Vaudeville didn’t book him.

But his story made it back to Texas via the Associated Press.

“Here’s the tale of a Texas Cowboy who took the bull by the horns and held on all the way from Brownsville to the Brooklyn Bridge, just for the ride. They moseyed into Gotham with 254 days of travel behind them and 2,700 miles of sage brush and snow under their feet.

“I just wanted to ride a bull,” the Texan drawled. “It’s something that ain’t been done before on such a large scale. We crossed the Allegheny and the Ozark Mountains. It was pretty slow going up in that snow. Bull riding is sure healthful, though. I feel better than I’ve felt in five years.”

In the January 21 edition of the New York Sun, a reporter wrote of finding Ralph and Jerry “at 26 Cherry Street, an old stable in the shadow of the Brooklyn Bridge.”

Ralph Sanders 2-21-1931
Ralph Sanders went to Mexico hunting the Spanish fighting bull he trained and rode from the Rio Grande Valley to New York City.

Ralph had sent word to the mayor about the set of Longhorns he’d brought from Texas, “but was told the mayor was ill.

“Well,” Ralph said, “I guess I won’t bother him then.”

Among the yellowed papers, the letters and records of the trip, Ralph’s grandson Billy Ralph Johnson found a letter written March 19th, 1931, as spring approached. It was addressed to “J. A. Hide, Superintendent, Dallas and signed by Fred Fuscal.

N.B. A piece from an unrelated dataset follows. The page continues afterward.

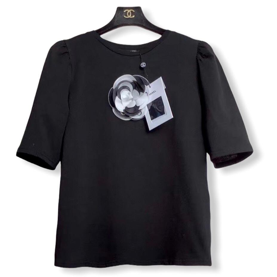 Эта черная футболка Celine LUX-45948, созданная для женщин, отличается элегантным и изысканным стилем, идеально подходящим для создания утонченных образов. Декоративный элемент в виде цветка придает изделию особый шарм.

“This will be your authority to deduct from my check the amount of $43.69 to cover the balance of express charges on the bull from New York to Fort Worth, consigned to Mr. Sanders,” he wrote.

A year after Ralph rode into New York, in January of 1932, George Saunders, President of Saunders Livestock Commission Company of Forth Worth and San Antonio, wrote responding to Ralph who was by then back with Mattie and his girls in Mt. Pleasant.

“Dear Sir: I wrote Schriener but he is getting rid of his horned breeding cattle. I think your best chance at present to make something out of Jerry would be to change his name to Pancho Villa after the outlaw Mexican bandit, get a lot in town and charge kids 25 cents for a ten minute ride.”

In February, Ralph received a letter answering his pitch to the Southwestern Exposition and Fat Stock Show, Fort Worth, Texas.

“Dear Mr. Sanders, We regret that when your letter was received we had exhausted the 1932 advertising appropriation . . .”

Harold Sanders the local cattleman was a boy when his uncle returned to Mt. Pleasant.

“He moved into a grey house over by the old West Ward school and he kept Jerry in a pasture that ran down to the edge of the graveyard,” Mr. Sanders said. “I used to ride with him when he ran a dozer for the county – I remember riding on a grader with him, being pulled by a caterpillar.

“He finally sold his bull to a circus or some carnival outfit. He asked them to load him because he didn’t want to watch. They went down and Jerry went wild and tore up the loading chute. They couldn’t handle him so Uncle Ralph went down there and told him to load. He went up in the trailer and they carried him off.”

Ralph Sanders quit the county. He and Mattie moved to Jefferson where he opened a butcher shop.

“He wasn’t any more a butcher than I am,” his daughter Mrs. Johnson laughed. “But he made himself one before anybody caught on that he wasn’t.”